Этим взглядам соответствуют громадные вооружения наших противников, которые уже были описаны. Бремя, взятое на себя особенно Францией, было так велико, что выдержать его долгое время не представлялось возможным. Все было рассчитано на близость войны.
Бельгийские дипломаты в Париже, Лондоне и Берлине, чьи доклады стали нам известны впоследствии, высказывают относительно военного и политического положения те же суждения, что и мы. Собранные полк. Швертфельгером бельгийские документы содержат преимущественно материал для определения причин мировой войны. («О европейской политике: Идея реванша и панславизм»). «Они показывают с непреложностью», резонно замечает он в предисловии, «что до летних дней рокового 1914 г. едва ли хоть один из бельгийских дипломатов усматривал главную опасность, угрожающую европейскому миру, со стороны Германии. Их доклады скорее ясно и беспристрастно свидетельствуют о том, что они ожидали много зла для будущего от французской политики реванша, от русского панславизма и от политики изоляции Германии Эдуарда VII». Уже само заключение франко-русского союза выясняло его цели.
Когда в июле 1891 г. французский флот под командой адмирала Жерве появился на Кронштадском рейде, вихрь воодушевления охватил Париж и Петербург.
«Сближение», писал английский посланник в Берлине барон Грейндль в 1891 г., «покоится лишь на взаимной ненависти Франции и России к Германии. Поэтому оно может иметь только агрессивный характер, несмотря на все старания французов и русских убедить мир в том, что франко-русский союз является второй мирной лигой». В 1893 г. та же картина повторилась при ответном посещении Тулона русским флотом. 25/Х 1893 г. барон Грейндль доносил в Брюссель: «нет ничего более низкого чем ненависть к Германии, которой не могут простить того, что она стала сильнейшей страной в мире, каковою прежде была Франция, а в будущем надеется стать Россия.

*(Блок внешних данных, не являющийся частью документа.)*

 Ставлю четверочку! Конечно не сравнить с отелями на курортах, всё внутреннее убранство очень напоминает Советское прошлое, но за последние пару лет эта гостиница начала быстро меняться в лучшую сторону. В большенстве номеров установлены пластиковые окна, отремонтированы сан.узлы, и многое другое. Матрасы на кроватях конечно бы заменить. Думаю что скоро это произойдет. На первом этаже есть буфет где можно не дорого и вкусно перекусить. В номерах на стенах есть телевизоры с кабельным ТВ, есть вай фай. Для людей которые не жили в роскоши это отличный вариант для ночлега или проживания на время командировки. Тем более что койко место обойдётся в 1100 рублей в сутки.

В устах всего народа клич: „да здравствует Россия“ имеет то же значение, что клич 1870 г. „в Берлин“, французский народ надеется, что царь либо добровольно, либо вынужденно в один прекрасный день поможет ему запять вновь потерянное положение. Тулонский визит, усилив французское самомнение, уменьшил таким образом безопасность для Европы». Военная конвенция 1892—94 г. укрепила направленный против нас союз.

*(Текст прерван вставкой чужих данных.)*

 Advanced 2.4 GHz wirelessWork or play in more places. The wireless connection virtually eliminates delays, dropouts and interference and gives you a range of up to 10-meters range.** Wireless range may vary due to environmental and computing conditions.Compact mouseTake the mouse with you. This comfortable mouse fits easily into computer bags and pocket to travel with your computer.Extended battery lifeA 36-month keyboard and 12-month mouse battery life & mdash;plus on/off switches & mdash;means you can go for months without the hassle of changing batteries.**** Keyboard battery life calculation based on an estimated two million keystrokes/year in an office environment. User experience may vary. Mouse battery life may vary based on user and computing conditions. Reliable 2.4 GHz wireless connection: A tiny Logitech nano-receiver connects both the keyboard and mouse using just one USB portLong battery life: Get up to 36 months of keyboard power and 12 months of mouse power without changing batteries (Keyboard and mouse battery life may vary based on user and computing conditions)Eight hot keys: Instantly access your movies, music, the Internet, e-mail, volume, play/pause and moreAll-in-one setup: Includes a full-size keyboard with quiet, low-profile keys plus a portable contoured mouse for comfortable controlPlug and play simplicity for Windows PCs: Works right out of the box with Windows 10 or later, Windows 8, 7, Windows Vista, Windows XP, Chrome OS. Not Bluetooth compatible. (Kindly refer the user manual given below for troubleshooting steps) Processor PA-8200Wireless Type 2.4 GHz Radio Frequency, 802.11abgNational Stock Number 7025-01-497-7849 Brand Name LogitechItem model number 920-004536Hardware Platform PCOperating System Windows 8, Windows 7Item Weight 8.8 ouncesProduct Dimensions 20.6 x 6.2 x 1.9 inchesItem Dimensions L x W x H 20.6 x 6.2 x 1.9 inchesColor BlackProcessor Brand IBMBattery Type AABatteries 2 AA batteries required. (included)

В последующие годы бельгийские дипломаты высказывались в том же смысле относительно дальнейшего развития франко-русской политики, направленной против Германии. Доклад бельгийского посланника 16/V 1906 г. гласит: «среди пущенных в ход для изолирования Германии средств, одним из наиболее употребительных и действительных является поход прессы. В течение ряда лет Германии приписываются макиавеллистические приемы, которых она никогда не применяла, и честолюбивые планы, о которых она никогда не помышляла. Постоянным повторением этой лжи добивались того, чтобы представить немецкую политику в качестве угрозы европейскому миру, но при этом забывали, что ей обязаны 35-ю годами мира и что опасность грозит не со стороны Германии, которая довольна тем, что она имеет, а со стороны держав, которые стремятся перекроить карту Европы… Тройственный союз долгое время поддерживал мир в Европе. Сомнительно, чтобы новая группировка держав, которую стараются дополнить, представила бы те же гарантии».
В 1908 г. бельгийский посланник в Берлине барон Грейндль сообщал министру иностранных дел:
«В чем усмотрел Делькассе желание Германии навязать другим европейским народам свое преобладание. Мы ее ближайшие соседи и в течение 20 дет я не замечал никакой склонности злоупотреблять своей силой или нашей слабостью. Я бы желал, чтобы другие великие державы в такой же степени считались бы с нами. Что угрожало миру Европы, как не французская идея реванша. Политика, которую ведет король Эдуард под предлогом спасти Европу от воображаемой германской опасности, создала действительную опасность, которая грозит в первую очередь нам».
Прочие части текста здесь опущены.